In total, there were 20,024,897 trainable weights.

3. Results and Discussion

3.1. Generating Explanations

The P-CAM dataset has more than 200,000 images, and any of them could be analyzed from the perspective of generating explanations with the above-described procedure. However, some images in the dataset do share similar color and texture characteristics, and the overall behavior of the explanations was consistent for those.

The results showed the general behavior observed after generating and manually examining roughly forty sample images from the dataset. Figure 5 shows the basic characteristics observed for true positives, true negatives, false positives, and false negatives of classifications by Model1.

Figure 5.

Figure 5

Examples of predictions by Model1, including a true positive, true negative, false positive, and false negative. The probabilities predicted for each class are also displayed as p0 for Class 0 (no tumor tissue in the center 32 by 32 pixel square) and p1 for Class 1 (tumor tissue present in the center). Explanations are plotted as weight heat maps for the respective predicted classes, with blue indicating positive weights (in favor of the prediction) and red indicating negative weights (against the prediction). Segmentation (Seg) (green transparent overlays) represent the medical annotation for a given image. AVG represents the arithmetic average of the SLIC, FHA, and quickshift heat maps.

Although it is not possible to guarantee that the segmentation algorithms will divide the image on the same number of superpixels each time, they roughly seemed to divide the patches between 20 and 40 superpixels for similar ranges of parameters. Such ranges are generally in the vicinity of FHA scales between 200 and 600, an SLIC number of segments between 20 and 70, and a sigma of 0.8 for all algorithms. Fine-tuning these parameters by hand often converged to these values for the images sampled.

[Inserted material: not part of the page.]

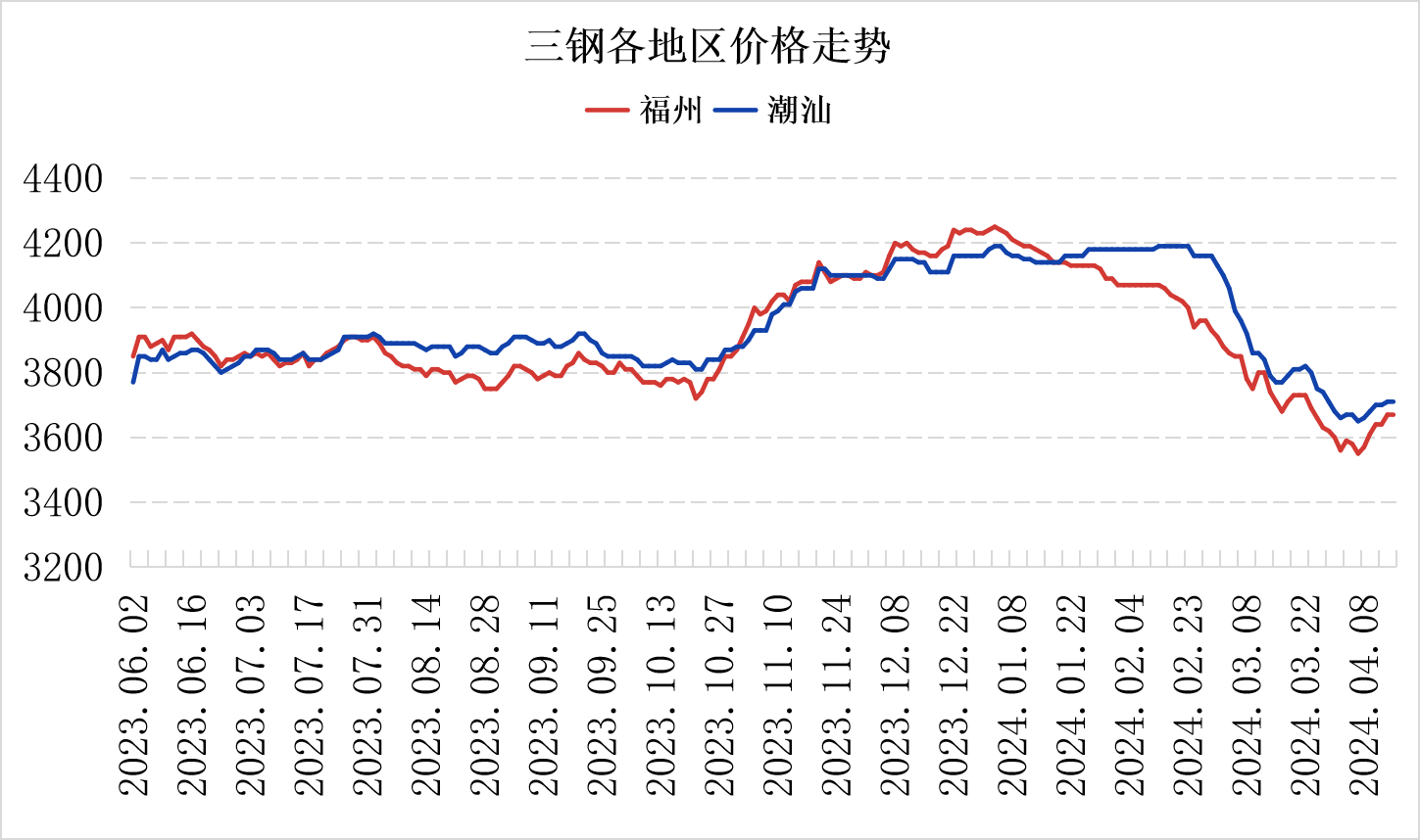 今日福州建材市场价格持稳。据兰格钢铁研究中心监测显示:截至15日福州建材市场HRB400EΦ18mm-Φ25mm螺纹钢三钢3670元,三宝3660元,大东海3660元,吴航3650元。HRB400EΦ8-Φ10盘螺三钢4070元,三宝4030元,大东海4030元,吴航4010元。HPB300Φ8-Φ10高线三钢4050元,三宝4020元,大东海4020元。潮汕价格持稳,三钢基价3710元。市场价格有小幅回调。
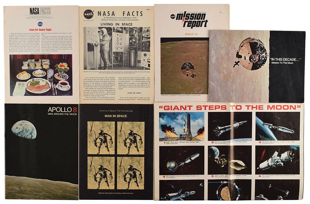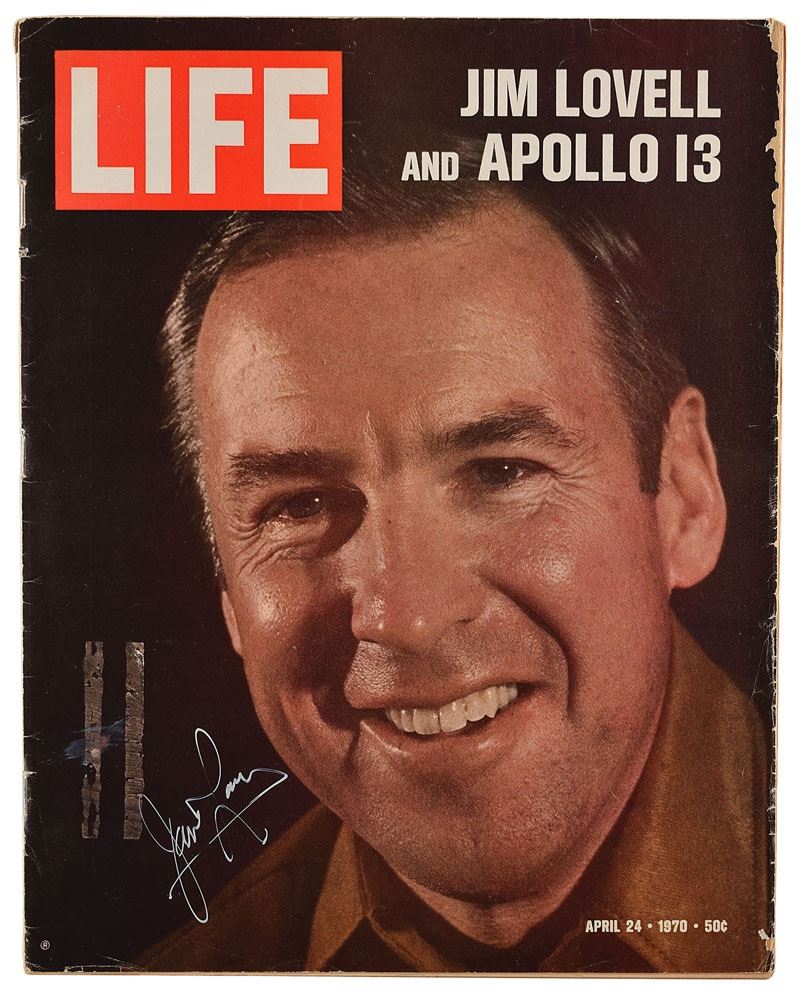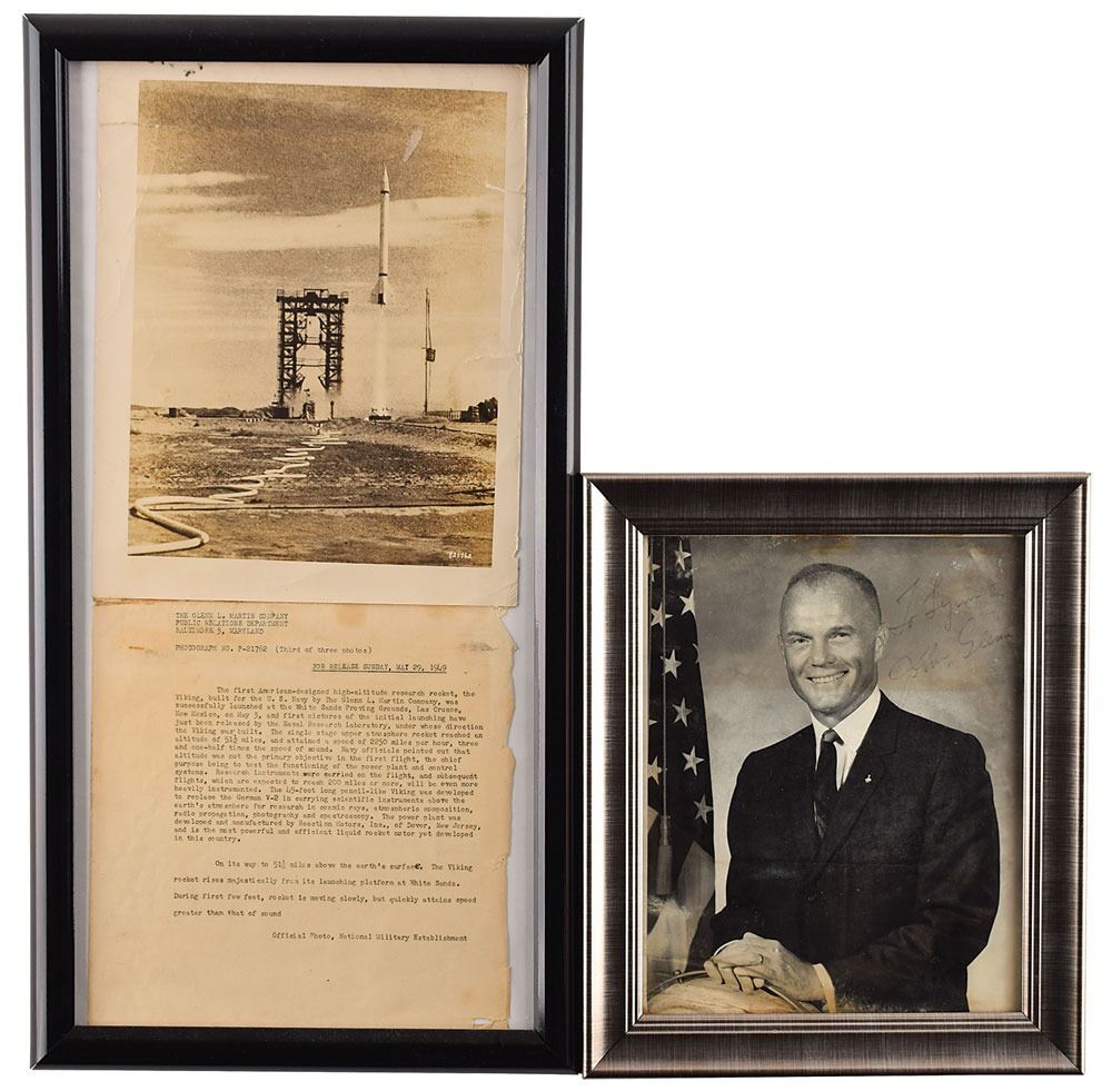 Group lot of 10 NASA-related items from the personal collection of Boston drummer Sib Hashian, including: a 7.75 x 9.75 photo of John Glenn posing with a globe, signed and inscribed in black felt tip, "To Lynn, John Glenn"; an issue of Life magazine from April 24, 1970, signed on the front cover in white ink by James Lovell; an official glossy 8.5 x 11 NASA photo of a Viking rocket rising from its launch platform at White Sands in May 1949, framed with its original caption sheet; a large color poster from a NASA Facts booklet entitled "Journey to the Moon"; a NASA Mission Report booklet for Apollo 10; a pair of NASA Facts booklets from 1969 with headlines "Living in Space" and "Food for Space Flight"; and three NASA booklets entitled "Man in Space," "In This Decade…Mission to the Moon," and "Apollo 8: Man Around the Moon." The Glenn photo is framed to a slightly larger size. In overall very good to fine condition, with Glenn photo permanently affixed to glass due to dampstaining, and wear to edges of Life magazine.

Attempting to generate a large number of superpixels (hundreds or thousands) quickly showed that each superpixel would corresponded to a very small region of the image, with few pixels, which holds no relevant visual information for the classification. As such, they understandably were associated with negligible explanation weights, and the heat maps were basically all white. The same was true for the finest square grids, as seen in Figure 4 for the grid with 576 squares (bottom). The heat map was practically all white. This largely indicated that it was not necessary to increase the computation times by generating even finer square grids (for instance, grids with 1024 or 2304 squares with this same approach) or manually adjust segmentation parameters to produce extremely large amounts of superpixels.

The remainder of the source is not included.